■ DATA BELOW ■

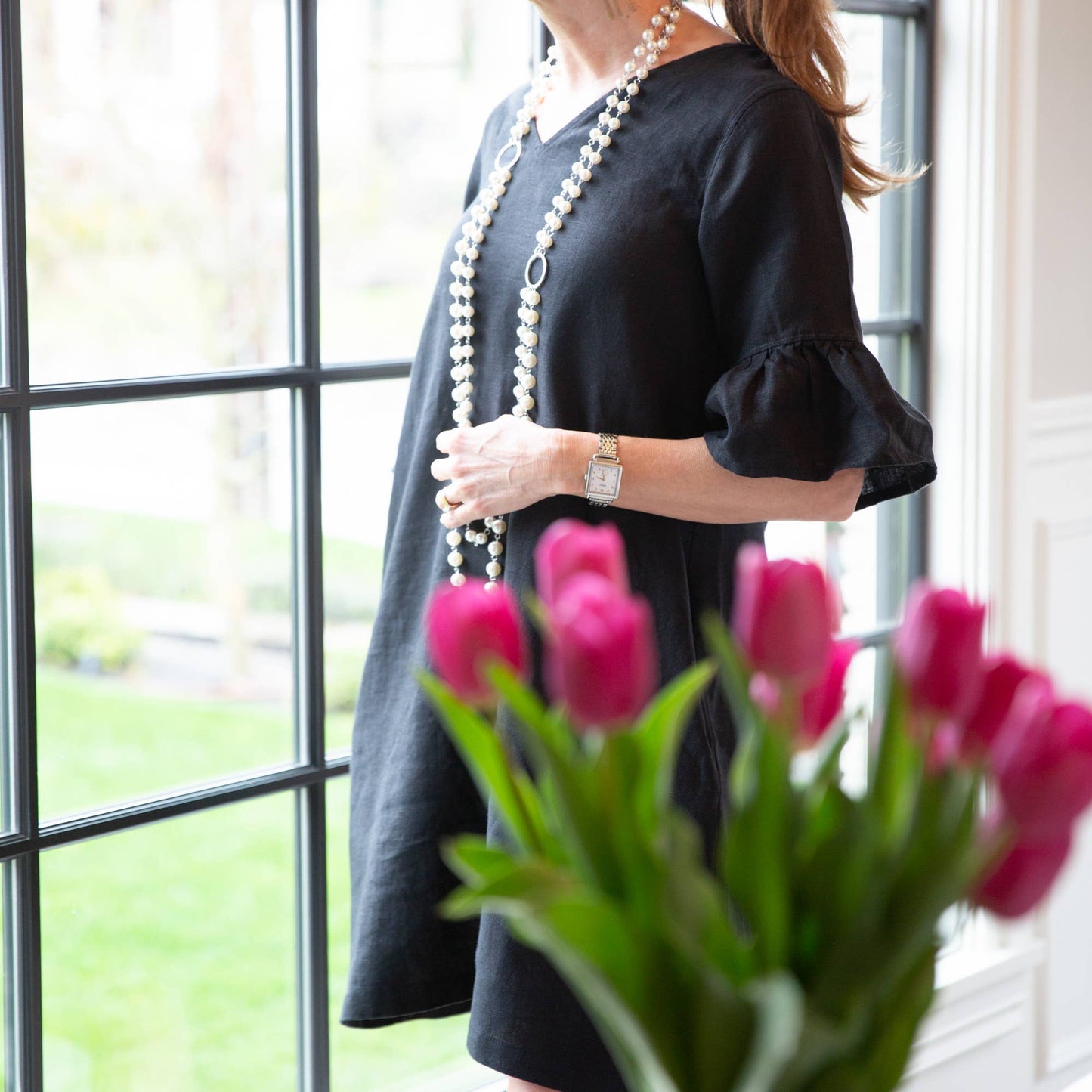 Our Top seller, Bethany, is the perfect for a casual setting with flip flops or can be dressed up for a wedding. Our ruffle sleeve hits just below the elbow for a flattering look. Knee length with a slight drop in the back and it has pockets of course!
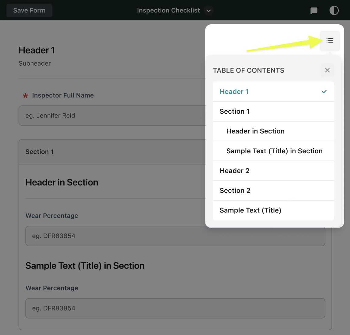 When working with long dynamic forms, it can be challenging to quickly locate the section you need. The Table of Contents helps by providing fast navigation to specific parts of the form.
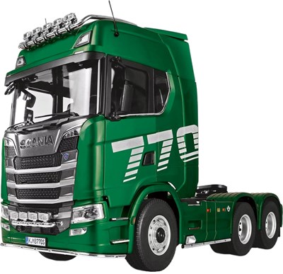 HuiNa Lastbil Scania K770S-100 6x6 - Rød Smuk Scania 770S lastbil i skala 1:14 med adskillige metaldele. Lastbilen leveres med en 2-trins gearkasse, difflock-simulerede lys- og lydeffekter samt døre, der kan åbnes og lukkes. Scaniaen vejer hele 4,8 kg og føles som et rigtigt premiumprodukt

■ PROBLEM DETAILS ■
Would you restate word for word only the lines from the line with "When working with" to the last line above, with the pictures left out?

■ RESPONSE AREA ■
 When working with long dynamic forms, it can be challenging to quickly locate the section you need. The Table of Contents helps by providing fast navigation to specific parts of the form.
 HuiNa Lastbil Scania K770S-100 6x6 - Rød Smuk Scania 770S lastbil i skala 1:14 med adskillige metaldele. Lastbilen leveres med en 2-trins gearkasse, difflock-simulerede lys- og lydeffekter samt døre, der kan åbnes og lukkes. Scaniaen vejer hele 4,8 kg og føles som et rigtigt premiumprodukt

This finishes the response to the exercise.